> **THE PROBLEM**: Nothing but the lines below from the one with "Mai mult de" through the one with "Nach einer Zeit" should be output, each exactly as given, and no pictures.

> **DATA FOR ANALYSIS**:
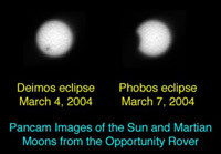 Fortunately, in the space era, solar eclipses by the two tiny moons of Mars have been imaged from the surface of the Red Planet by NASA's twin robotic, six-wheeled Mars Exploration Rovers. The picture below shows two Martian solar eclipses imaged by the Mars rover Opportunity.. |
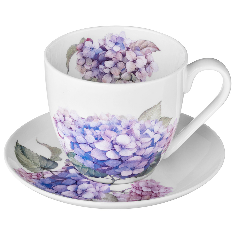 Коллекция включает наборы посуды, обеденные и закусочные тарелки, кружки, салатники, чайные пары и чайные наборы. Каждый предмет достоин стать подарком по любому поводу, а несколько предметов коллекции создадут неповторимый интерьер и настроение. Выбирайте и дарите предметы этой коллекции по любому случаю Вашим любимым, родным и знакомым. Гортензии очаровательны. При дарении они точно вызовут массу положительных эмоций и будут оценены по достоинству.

--

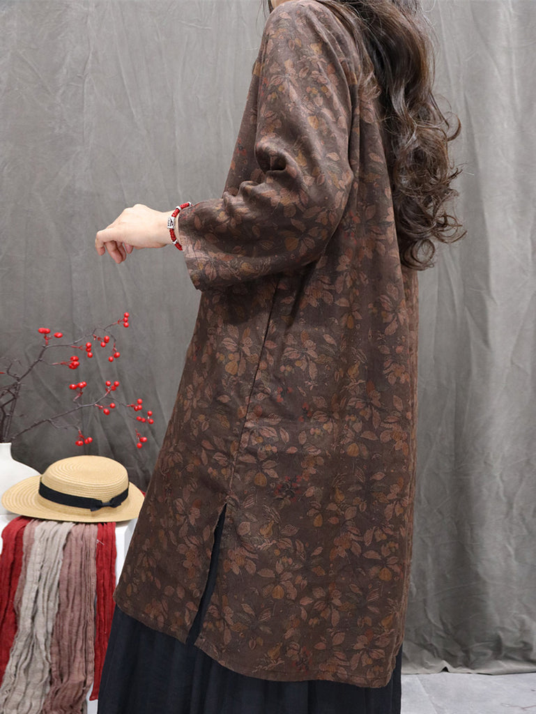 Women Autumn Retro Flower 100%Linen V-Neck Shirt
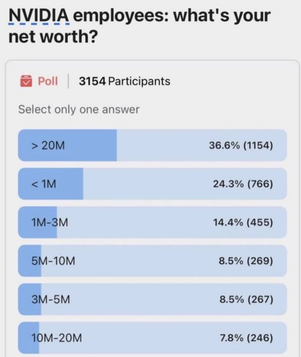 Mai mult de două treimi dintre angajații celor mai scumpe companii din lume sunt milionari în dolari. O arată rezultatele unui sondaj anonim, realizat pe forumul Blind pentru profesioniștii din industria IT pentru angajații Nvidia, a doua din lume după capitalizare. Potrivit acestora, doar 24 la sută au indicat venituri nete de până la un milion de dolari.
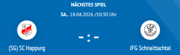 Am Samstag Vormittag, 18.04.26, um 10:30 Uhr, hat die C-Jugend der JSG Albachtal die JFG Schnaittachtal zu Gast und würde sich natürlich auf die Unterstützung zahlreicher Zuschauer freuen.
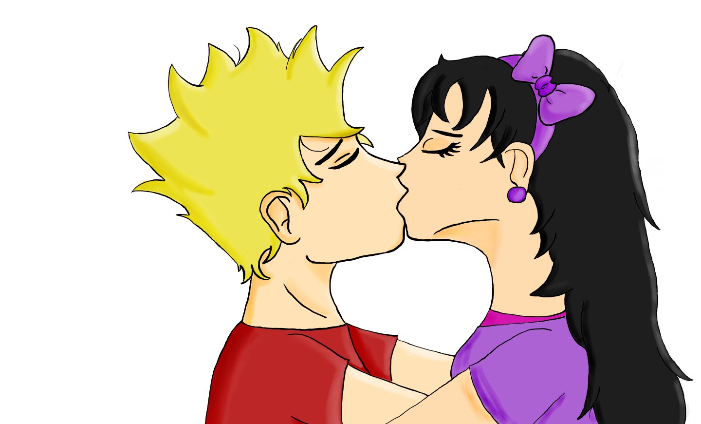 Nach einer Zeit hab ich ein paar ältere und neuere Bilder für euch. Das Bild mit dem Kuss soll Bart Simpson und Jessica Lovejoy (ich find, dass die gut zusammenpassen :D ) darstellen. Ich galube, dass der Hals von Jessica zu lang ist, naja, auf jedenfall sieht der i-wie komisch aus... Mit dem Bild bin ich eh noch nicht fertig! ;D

> **EXERCISE RESPONSE**:
 Mai mult de două treimi dintre angajații celor mai scumpe companii din lume sunt milionari în dolari. O arată rezultatele unui sondaj anonim, realizat pe forumul Blind pentru profesioniștii din industria IT pentru angajații Nvidia, a doua din lume după capitalizare. Potrivit acestora, doar 24 la sută au indicat venituri nete de până la un milion de dolari.
 Am Samstag Vormittag, 18.04.26, um 10:30 Uhr, hat die C-Jugend der JSG Albachtal die JFG Schnaittachtal zu Gast und würde sich natürlich auf die Unterstützung zahlreicher Zuschauer freuen.
 Nach einer Zeit hab ich ein paar ältere und neuere Bilder für euch. Das Bild mit dem Kuss soll Bart Simpson und Jessica Lovejoy (ich find, dass die gut zusammenpassen :D ) darstellen. Ich galube, dass der Hals von Jessica zu lang ist, naja, auf jedenfall sieht der i-wie komisch aus... Mit dem Bild bin ich eh noch nicht fertig! ;D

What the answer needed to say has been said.